İstinaf mahkemeleri de İİK 58/3. maddesi gereğince yabancı paranın takibe konmuş olması durumunda TL karşılığının takibe yazılması gerektiği yönünde karar vermektedir. İlk derece mahkemelerinde de benzer durumlar yaşanmaktadır.

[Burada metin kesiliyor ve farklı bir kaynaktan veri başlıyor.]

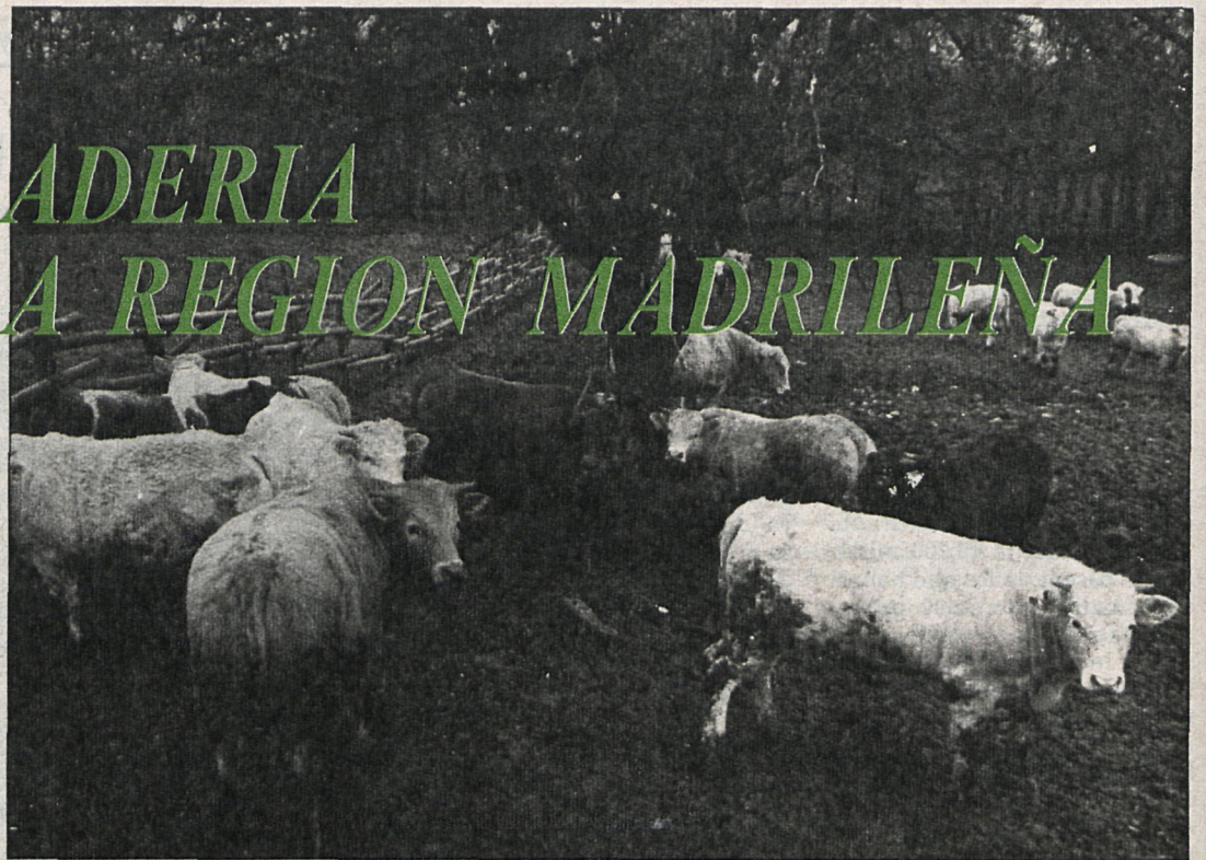
La región de Madrid tiene buenas condiciones para conseguir resultados positivos con este programa por la cantidad de pastos y recursos inutilizados que posee

La provincia de Madrid se encuentra en buenas condiciones para conseguir unos resultados positivos por la cantidad de pastos y recursos naturales infrautilizados que posee. Así, según los informes de la Dirección General de Producción Animal, donde se clasifican las zonas desfavorecidas, toda la región madrileña se califica como zona desfavorecida y con posibilidades de fomentar la ganadería extensiva. Se incluyen las seis comarcas naturales y 116 municipios, con una po-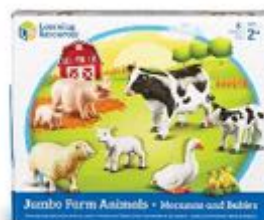
MAMÁS Y BEBÉS DE LA GRANJA JUMBO REF 137-0835

Conjunto de 8 animales de la granja de gran tamaño. Fabricados en plástico de gran calidad. Medidas de la vaca: 19x11,5 cm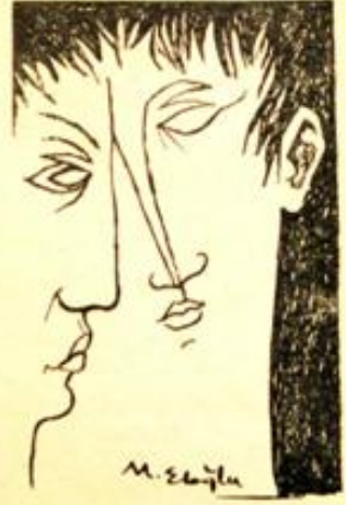
Desen : Metin Eloğlu.

Adam, bahçeli lokantanın dip tarafında bir masaya gelip oturdu. Oturmaya birlikte neden bu lokantayı, bu lokantada özellikle bu yeri seçtiğini düşündü. Neden ama burası? dedi kendikendine.. Yıllardır bu lokantaya gelmemişti. Kadın arkadaşı, telefonda, buluşmak için bir yer sorunca, burayı söylediğini anıdı adam.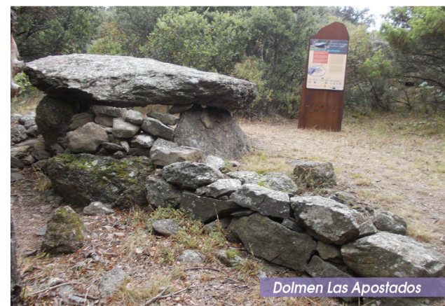
Dolmen Las Apostados

Quitter la piste et poursuivre en face entre une clôture en pierres et une vigne. Au fond de la vigne, continuer sur un sentier en descente qui rejoint un sentier perpendiculaire. Partir à gauche. Le sentier descend dans la forêt de chênes pour gagner la D9 ; la suivre à droite (prudence !) jusqu'au parking.

Konunun uygulamada nasıl yorumlandığına değinildikten sonra kanundaki hükmün anayasal temel haklardan olan mülkiyet hakkı ile neden bağdaşmadığı izah olunmalıdır. Bilindiği üzere icra takipleri hem yazılı hem sözlü ve hem de elektronik ortamda gerçekleştirilebilmektedir. Son dönemlerdeki teknolojik gelişmelere bağlı olarak icra takiplerinin neredeyse tamamının elektronik imkanlar ile UYAP sistemi üzerinden yapıldığı bilinmektedir. Bu şekilde hazırlanan takip talepleri bakanlık tarafından önceden hazırlanan takip talebi şablonlarının kullanılması ile olmaktadır. Yani takip talebini hazırlayanlar UYAP sistemindeki şablonları kullanmak mecburiyetindedirler. Takipler daha çok TL üzerinden açıldığı için somut olaydaki hadiseler ile karşılaşılmamaktadır. Ne var ki yabancı para cinsinden olan alacak takipleri için aynı durum söz konusu değildir. Bu tür bir takipte bulunan alacaklı takip talebini UYAP üzerinden hazırladığında sistem otomatik olarak yabancı paranın o tarihteki kur üzerinden olan TL karşılığını takip talebine eklememektedir.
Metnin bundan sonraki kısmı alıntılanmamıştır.